2. Ferrari 288 GTO Evoluzione
I have never made a secret about my affection to the Ferrari 288 Evoluzione. Almost any other Ferraris could be put on this list. In fact, all 10+1 positions could be held by Ferraris. But there is a special place in my heart for the Evoluzione. To make it short, it is the link between the best two worlds of Ferrari. It connects its most legendary breeds - the GTO and the F-cars. Coming from road racing, the GTO was and is an ultimate choice and pedigree for the task. The 250 may easily be the most exclusive car in the world, while the 288 is almost surely the most beautiful Ferrari. The Evoluzione is the missing link between the 288 and the F40. The F-cars were the Group B and F1 successor jaw-dropping track racing cars no other maker could match. Think of the Enzo FXX Evoluzione as the latest and supreme racing car from Ferrari. The DNA clearly came from 288 Evo, the latter still retaining its road-racing legacy. In one sentence, the 288 GTO Evoluzione sums up Ferrari's best moments. The car may have not turned out to be good looking. I even dare to say that it is ugly. But ugly in a beautiful way. Because it is Ferrari in the making. And creation is beautiful.

1. McLaren F1
You may have guessed it already. And you could come up with important argument points why it shouldn't be no. 1. The reason for it being supreme above everything else is quite clear, though. No other road car has come closest from Formula 1 as this one. And since Formula 1 is the ultimate form and pedigree of automobile racing and engineering, there is no argument left. I might have put something else on the top of my own list, but I just couldn't get around facts. The Veyron may be faster, yes. But it feels more like you're commanding WWII rather simply driving a fast car. The McLaren is the closest to F1 experience as you can get, straight from an F1 maker. Everything from the driver's position to the layout and the characteristics of the car screams its origin. And that root is good. The best.

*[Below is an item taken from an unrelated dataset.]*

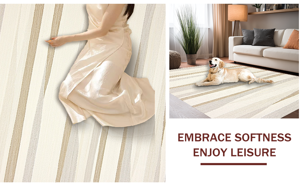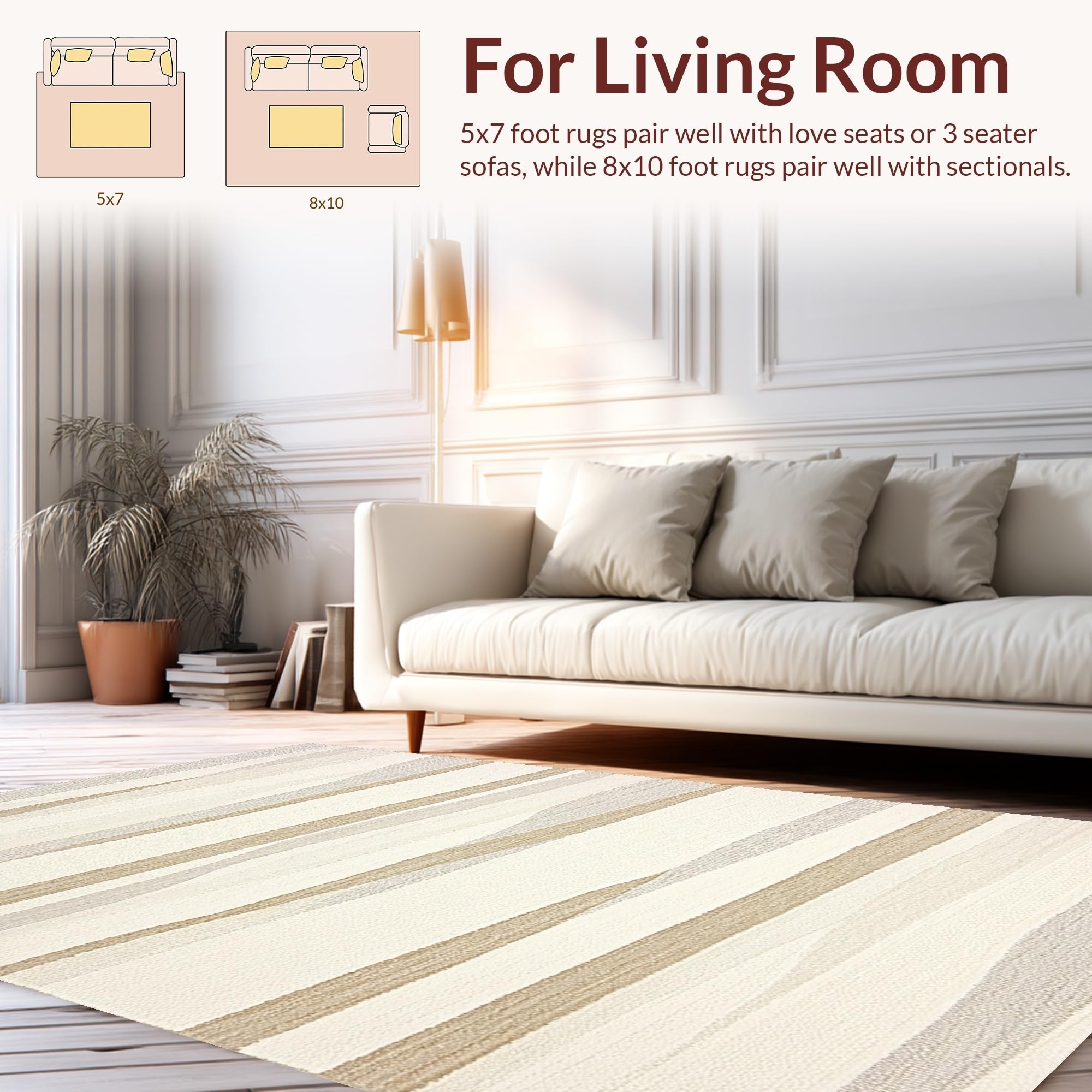 Ultra Soft Area Rug, Non Slip, Stain Resistant, Washable Area Rugs for Living Room, Bedroom, Elegant Tidal Patterned Visuals(Beige) Overview:

+1. Brabus EV12 'Black Baron'
Without almost any sense, I almost dare to say it: the Black Baron is one of the best supercars ever made. Brabus takes the muscle car philosophy and applies it on saloons in creating supercars. It shares the engine with the Paganis, though Brabus replaced almost everything in it. It has got a top speed higher than a Zonda or a Huayra. In fact, with it's estimated top speed of 370km/h it is quite close to the Veyron's, making it the fastest saloon ever built. Just think of it: A Veyron-fast car with four doors and a proper-sized boot and all the luxury you can imagine. It does everything. You can take prime ministers and their wives along with with their luggage to their hotel from the airport, get on the Autobahn, hunt down Zondas and then go home taking the kids from school. This all for half the price of the above mentioned supercars. And there is the hideous rear-wheel cover. It is at least as bonker as the scissor doors of the Countach, making that extra strangeness necessary for supercars. In my view, it is a true supercar. But it's just too good to be on the list.